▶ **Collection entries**
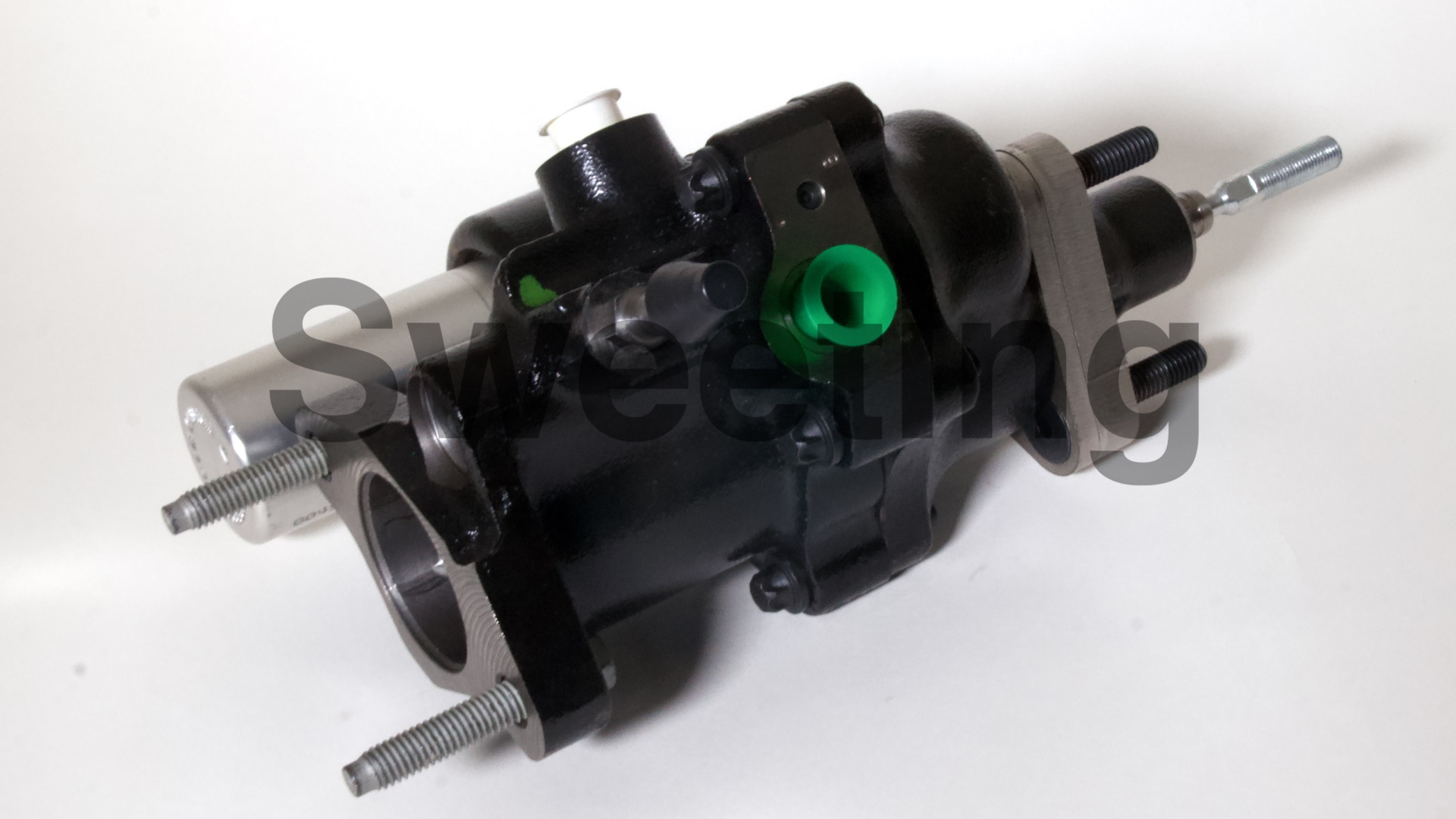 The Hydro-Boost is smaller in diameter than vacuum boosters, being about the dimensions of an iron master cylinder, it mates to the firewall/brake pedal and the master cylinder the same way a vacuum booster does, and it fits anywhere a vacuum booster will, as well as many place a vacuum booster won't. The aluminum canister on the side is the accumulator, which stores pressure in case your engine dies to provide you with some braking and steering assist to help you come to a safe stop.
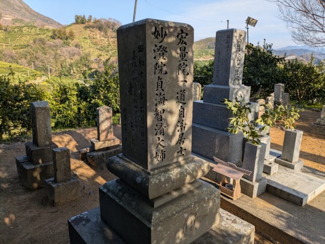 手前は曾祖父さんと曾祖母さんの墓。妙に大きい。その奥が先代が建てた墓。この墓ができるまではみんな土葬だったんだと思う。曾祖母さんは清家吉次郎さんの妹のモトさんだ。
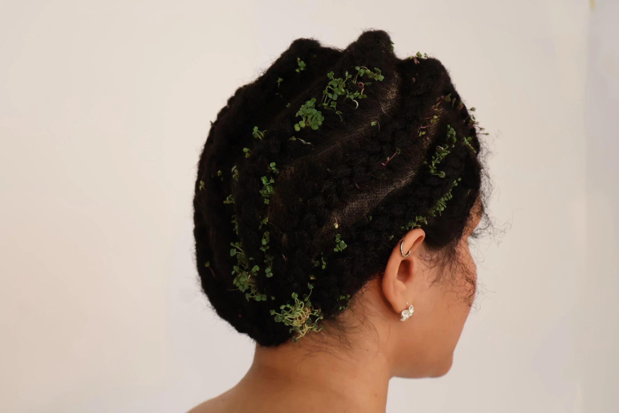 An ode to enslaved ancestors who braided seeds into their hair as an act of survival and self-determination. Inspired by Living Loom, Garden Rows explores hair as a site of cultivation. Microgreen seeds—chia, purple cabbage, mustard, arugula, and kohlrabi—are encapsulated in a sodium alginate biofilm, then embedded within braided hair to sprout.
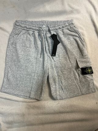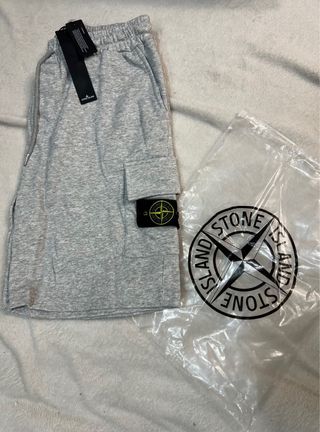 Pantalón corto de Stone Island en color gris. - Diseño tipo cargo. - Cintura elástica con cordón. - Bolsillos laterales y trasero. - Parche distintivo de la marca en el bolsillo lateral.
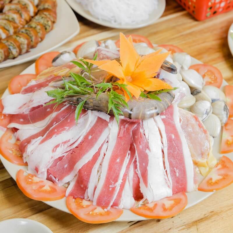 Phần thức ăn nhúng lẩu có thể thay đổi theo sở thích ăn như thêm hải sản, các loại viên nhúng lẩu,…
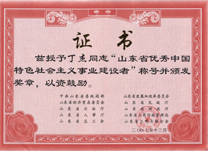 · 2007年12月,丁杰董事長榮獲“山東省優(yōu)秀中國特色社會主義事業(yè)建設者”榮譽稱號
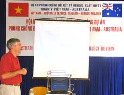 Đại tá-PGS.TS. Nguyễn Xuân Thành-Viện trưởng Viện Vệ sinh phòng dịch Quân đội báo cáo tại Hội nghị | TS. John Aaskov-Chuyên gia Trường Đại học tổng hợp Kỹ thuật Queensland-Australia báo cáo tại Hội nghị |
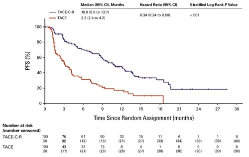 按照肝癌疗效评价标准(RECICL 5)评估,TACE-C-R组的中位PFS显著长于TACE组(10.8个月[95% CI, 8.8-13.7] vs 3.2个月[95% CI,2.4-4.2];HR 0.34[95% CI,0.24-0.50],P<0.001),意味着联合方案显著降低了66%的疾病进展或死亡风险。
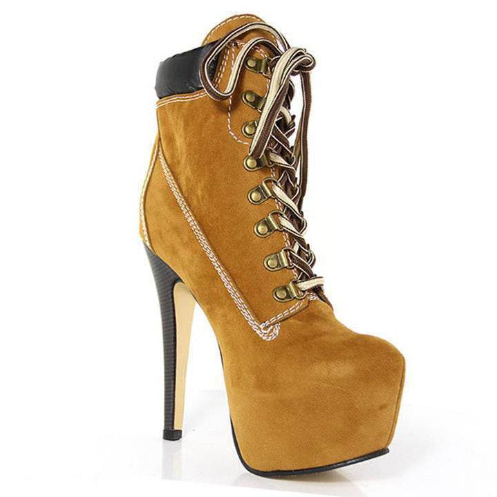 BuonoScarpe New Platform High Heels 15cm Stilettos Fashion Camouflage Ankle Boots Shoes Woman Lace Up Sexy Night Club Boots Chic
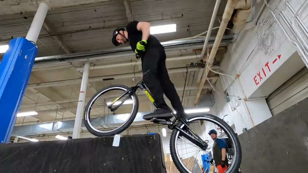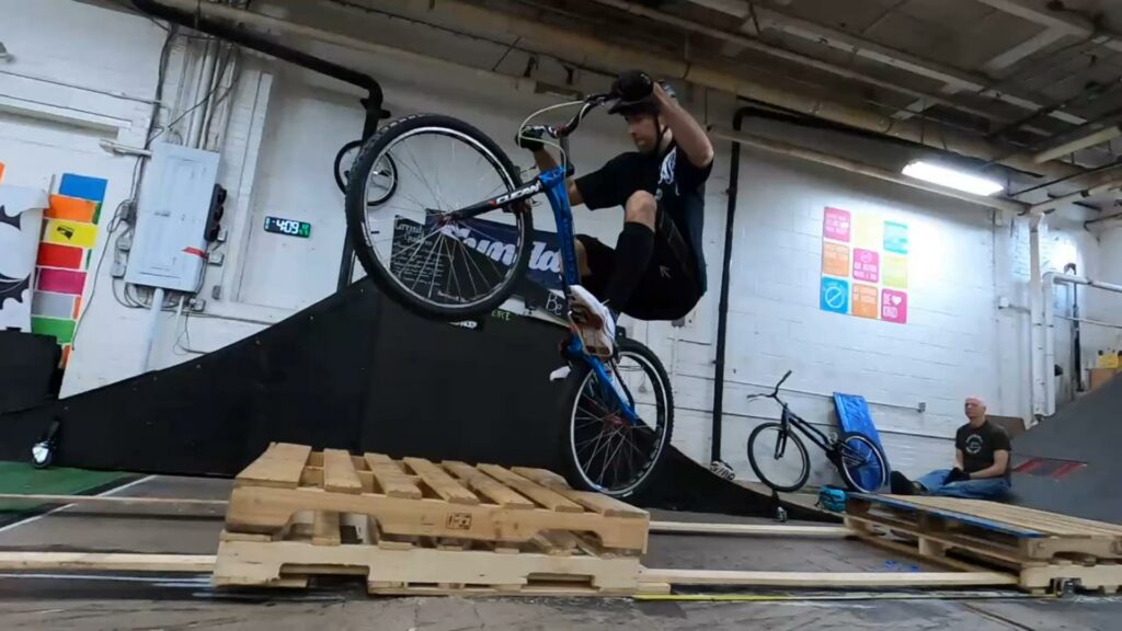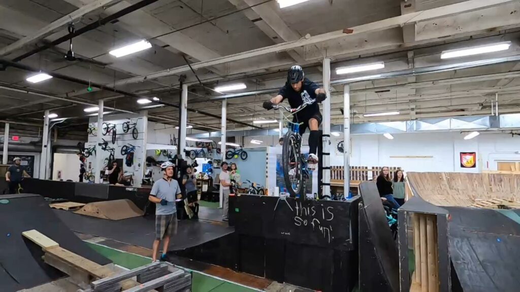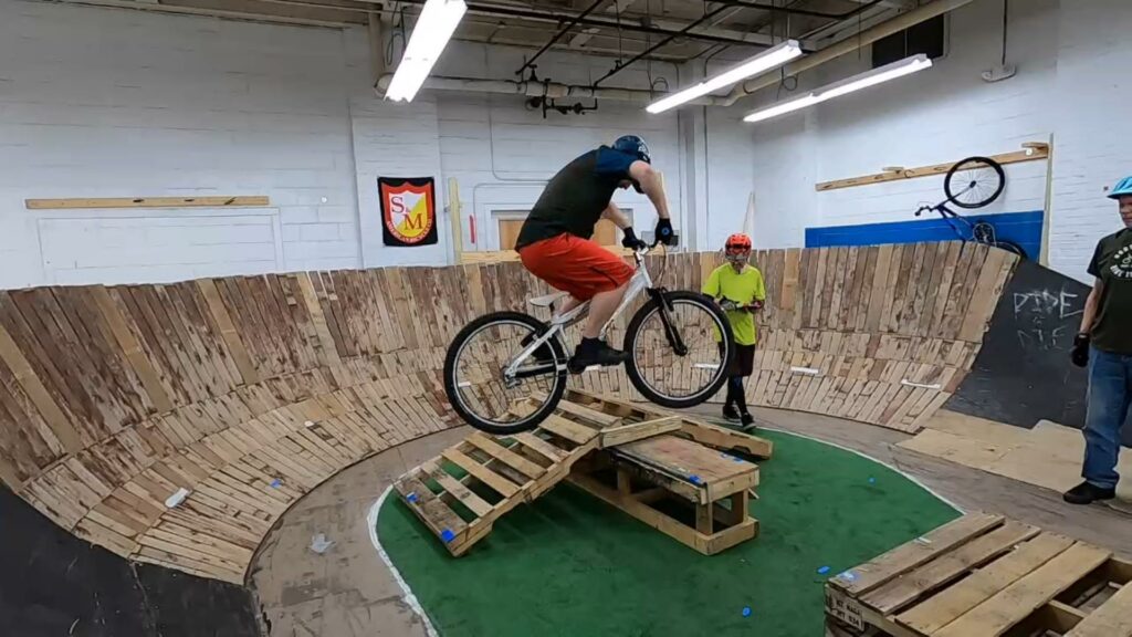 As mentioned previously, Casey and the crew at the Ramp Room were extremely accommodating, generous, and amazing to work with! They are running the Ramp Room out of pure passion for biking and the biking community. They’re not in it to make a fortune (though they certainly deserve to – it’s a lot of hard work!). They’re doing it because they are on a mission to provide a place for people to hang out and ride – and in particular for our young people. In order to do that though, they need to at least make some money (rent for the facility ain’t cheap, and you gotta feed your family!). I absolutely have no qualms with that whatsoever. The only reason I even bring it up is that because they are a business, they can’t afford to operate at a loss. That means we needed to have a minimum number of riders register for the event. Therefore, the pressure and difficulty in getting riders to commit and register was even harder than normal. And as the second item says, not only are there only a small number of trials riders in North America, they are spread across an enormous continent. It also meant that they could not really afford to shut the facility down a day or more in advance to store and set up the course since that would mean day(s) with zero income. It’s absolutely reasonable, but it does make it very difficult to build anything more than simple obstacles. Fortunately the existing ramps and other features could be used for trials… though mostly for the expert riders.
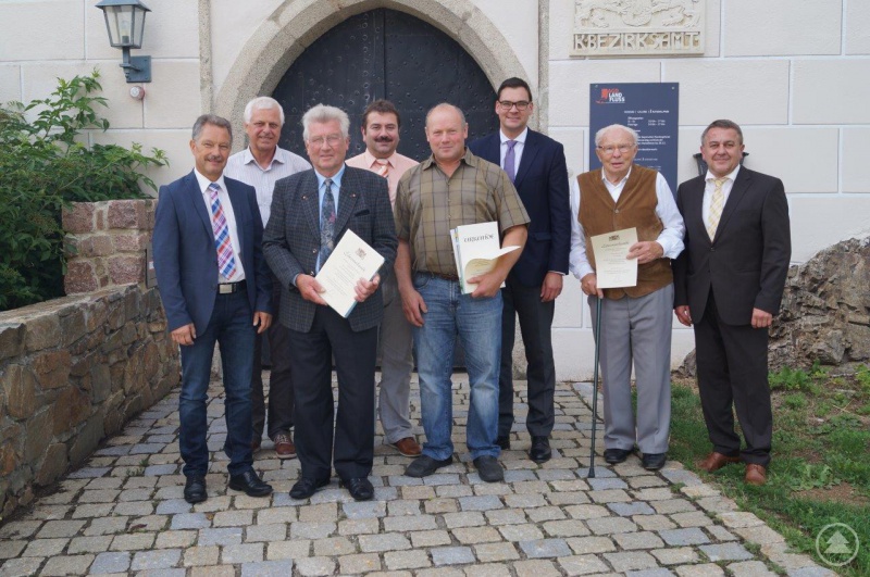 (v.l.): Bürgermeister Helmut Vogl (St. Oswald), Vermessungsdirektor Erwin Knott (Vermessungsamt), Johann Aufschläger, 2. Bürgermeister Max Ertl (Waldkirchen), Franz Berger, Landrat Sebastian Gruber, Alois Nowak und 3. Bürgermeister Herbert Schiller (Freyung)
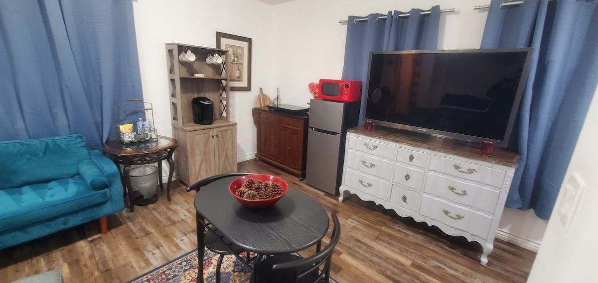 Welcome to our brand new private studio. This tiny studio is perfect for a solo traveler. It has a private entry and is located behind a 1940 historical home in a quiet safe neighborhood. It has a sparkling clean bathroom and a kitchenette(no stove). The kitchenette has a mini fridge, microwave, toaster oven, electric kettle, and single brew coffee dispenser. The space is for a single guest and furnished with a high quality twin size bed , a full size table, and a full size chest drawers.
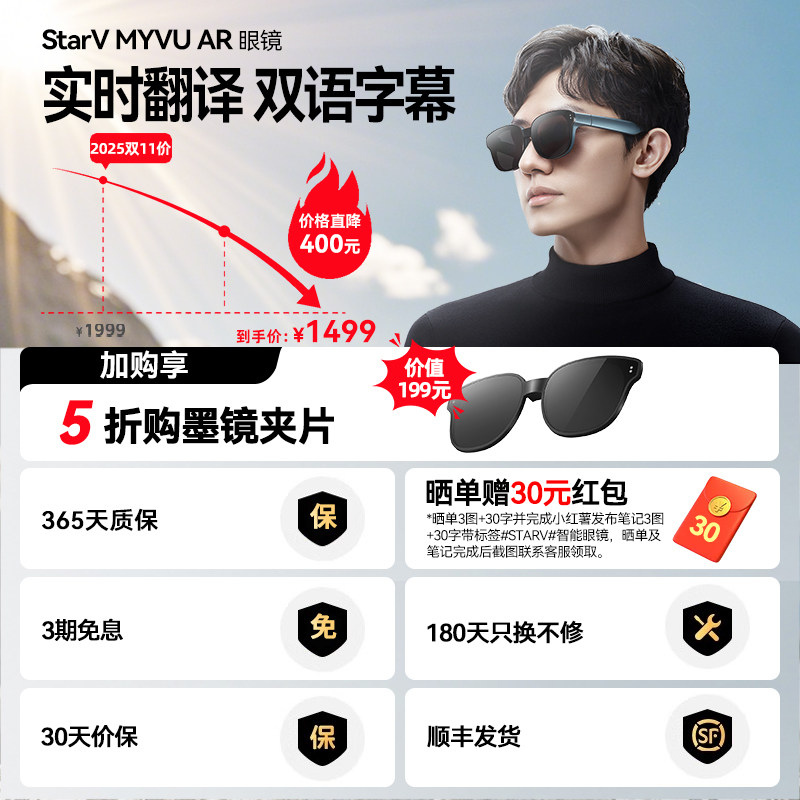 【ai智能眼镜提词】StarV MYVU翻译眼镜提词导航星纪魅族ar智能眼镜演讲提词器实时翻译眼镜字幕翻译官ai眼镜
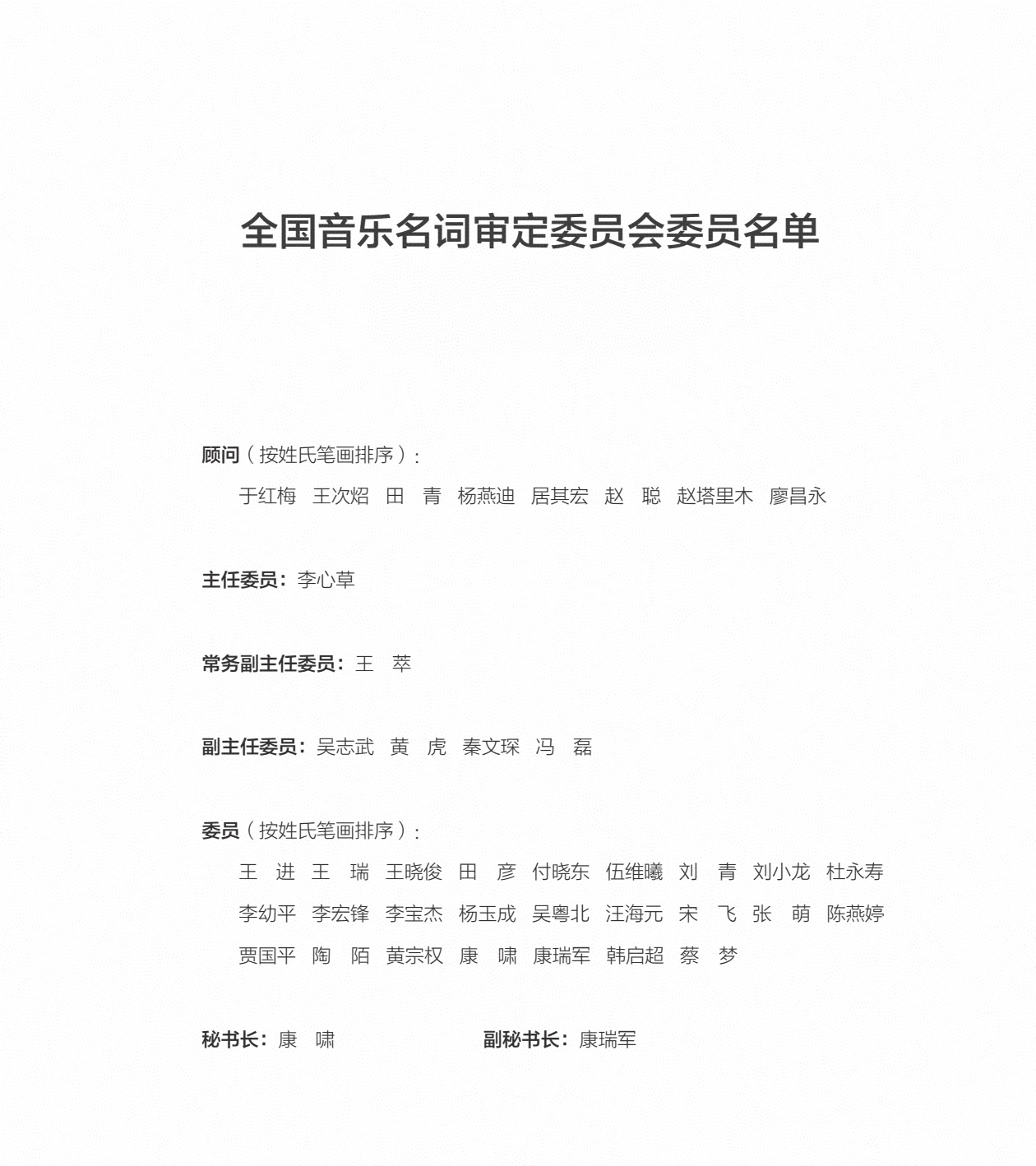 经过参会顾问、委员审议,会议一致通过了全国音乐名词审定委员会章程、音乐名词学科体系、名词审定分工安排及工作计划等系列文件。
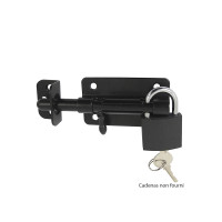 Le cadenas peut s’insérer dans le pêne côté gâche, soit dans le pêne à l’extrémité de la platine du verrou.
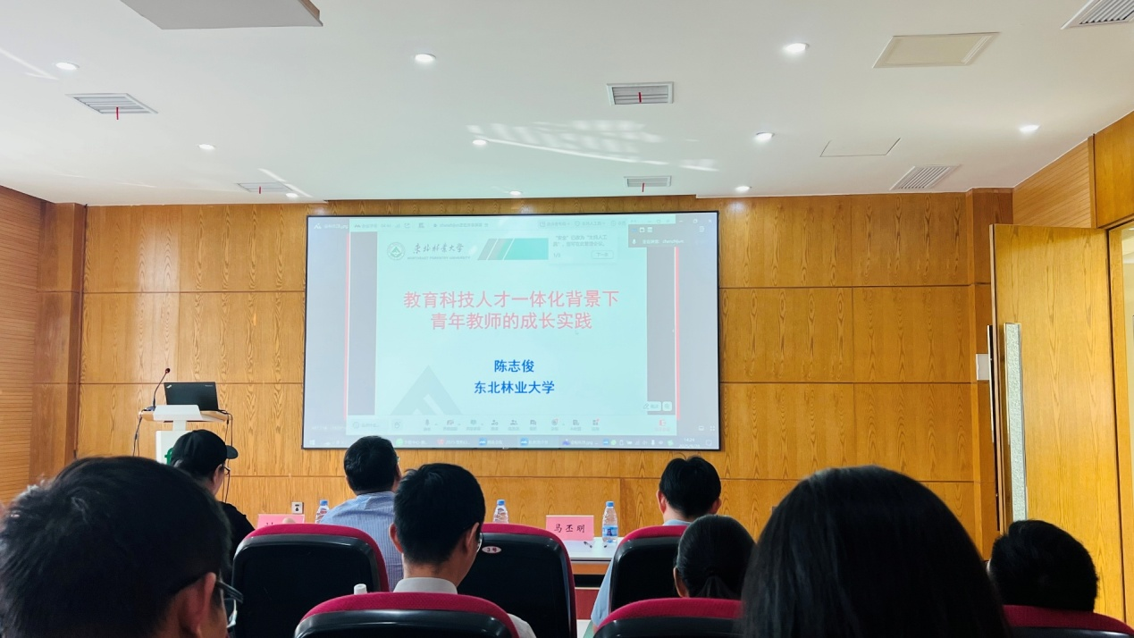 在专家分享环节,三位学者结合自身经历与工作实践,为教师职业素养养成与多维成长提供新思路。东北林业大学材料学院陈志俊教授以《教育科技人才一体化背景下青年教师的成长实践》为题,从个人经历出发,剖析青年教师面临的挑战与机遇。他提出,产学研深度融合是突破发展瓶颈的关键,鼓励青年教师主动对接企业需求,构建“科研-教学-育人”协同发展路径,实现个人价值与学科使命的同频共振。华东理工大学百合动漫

▶ **PROBLEM DESCRIPTION**
Pictures do not belong in the copy. Please reproduce the entries above exactly otherwise.

▶ **EXPECTED ANSWER**
 The Hydro-Boost is smaller in diameter than vacuum boosters, being about the dimensions of an iron master cylinder, it mates to the firewall/brake pedal and the master cylinder the same way a vacuum booster does, and it fits anywhere a vacuum booster will, as well as many place a vacuum booster won't. The aluminum canister on the side is the accumulator, which stores pressure in case your engine dies to provide you with some braking and steering assist to help you come to a safe stop.
 手前は曾祖父さんと曾祖母さんの墓。妙に大きい。その奥が先代が建てた墓。この墓ができるまではみんな土葬だったんだと思う。曾祖母さんは清家吉次郎さんの妹のモトさんだ。
 An ode to enslaved ancestors who braided seeds into their hair as an act of survival and self-determination. Inspired by Living Loom, Garden Rows explores hair as a site of cultivation. Microgreen seeds—chia, purple cabbage, mustard, arugula, and kohlrabi—are encapsulated in a sodium alginate biofilm, then embedded within braided hair to sprout.
 Pantalón corto de Stone Island en color gris. - Diseño tipo cargo. - Cintura elástica con cordón. - Bolsillos laterales y trasero. - Parche distintivo de la marca en el bolsillo lateral.
 Phần thức ăn nhúng lẩu có thể thay đổi theo sở thích ăn như thêm hải sản, các loại viên nhúng lẩu,…
 · 2007年12月,丁杰董事長榮獲“山東省優(yōu)秀中國特色社會主義事業(yè)建設者”榮譽稱號
 Đại tá-PGS.TS. Nguyễn Xuân Thành-Viện trưởng Viện Vệ sinh phòng dịch Quân đội báo cáo tại Hội nghị | TS. John Aaskov-Chuyên gia Trường Đại học tổng hợp Kỹ thuật Queensland-Australia báo cáo tại Hội nghị |
 按照肝癌疗效评价标准(RECICL 5)评估,TACE-C-R组的中位PFS显著长于TACE组(10.8个月[95% CI, 8.8-13.7] vs 3.2个月[95% CI,2.4-4.2];HR 0.34[95% CI,0.24-0.50],P<0.001),意味着联合方案显著降低了66%的疾病进展或死亡风险。
 BuonoScarpe New Platform High Heels 15cm Stilettos Fashion Camouflage Ankle Boots Shoes Woman Lace Up Sexy Night Club Boots Chic
 As mentioned previously, Casey and the crew at the Ramp Room were extremely accommodating, generous, and amazing to work with! They are running the Ramp Room out of pure passion for biking and the biking community. They’re not in it to make a fortune (though they certainly deserve to – it’s a lot of hard work!). They’re doing it because they are on a mission to provide a place for people to hang out and ride – and in particular for our young people. In order to do that though, they need to at least make some money (rent for the facility ain’t cheap, and you gotta feed your family!). I absolutely have no qualms with that whatsoever. The only reason I even bring it up is that because they are a business, they can’t afford to operate at a loss. That means we needed to have a minimum number of riders register for the event. Therefore, the pressure and difficulty in getting riders to commit and register was even harder than normal. And as the second item says, not only are there only a small number of trials riders in North America, they are spread across an enormous continent. It also meant that they could not really afford to shut the facility down a day or more in advance to store and set up the course since that would mean day(s) with zero income. It’s absolutely reasonable, but it does make it very difficult to build anything more than simple obstacles. Fortunately the existing ramps and other features could be used for trials… though mostly for the expert riders.
 (v.l.): Bürgermeister Helmut Vogl (St. Oswald), Vermessungsdirektor Erwin Knott (Vermessungsamt), Johann Aufschläger, 2. Bürgermeister Max Ertl (Waldkirchen), Franz Berger, Landrat Sebastian Gruber, Alois Nowak und 3. Bürgermeister Herbert Schiller (Freyung)
 Welcome to our brand new private studio. This tiny studio is perfect for a solo traveler. It has a private entry and is located behind a 1940 historical home in a quiet safe neighborhood. It has a sparkling clean bathroom and a kitchenette(no stove). The kitchenette has a mini fridge, microwave, toaster oven, electric kettle, and single brew coffee dispenser. The space is for a single guest and furnished with a high quality twin size bed , a full size table, and a full size chest drawers.
 【ai智能眼镜提词】StarV MYVU翻译眼镜提词导航星纪魅族ar智能眼镜演讲提词器实时翻译眼镜字幕翻译官ai眼镜
 经过参会顾问、委员审议,会议一致通过了全国音乐名词审定委员会章程、音乐名词学科体系、名词审定分工安排及工作计划等系列文件。
 Le cadenas peut s’insérer dans le pêne côté gâche, soit dans le pêne à l’extrémité de la platine du verrou.
 在专家分享环节,三位学者结合自身经历与工作实践,为教师职业素养养成与多维成长提供新思路。东北林业大学材料学院陈志俊教授以《教育科技人才一体化背景下青年教师的成长实践》为题,从个人经历出发,剖析青年教师面临的挑战与机遇。他提出,产学研深度融合是突破发展瓶颈的关键,鼓励青年教师主动对接企业需求,构建“科研-教学-育人”协同发展路径,实现个人价值与学科使命的同频共振。华东理工大学百合动漫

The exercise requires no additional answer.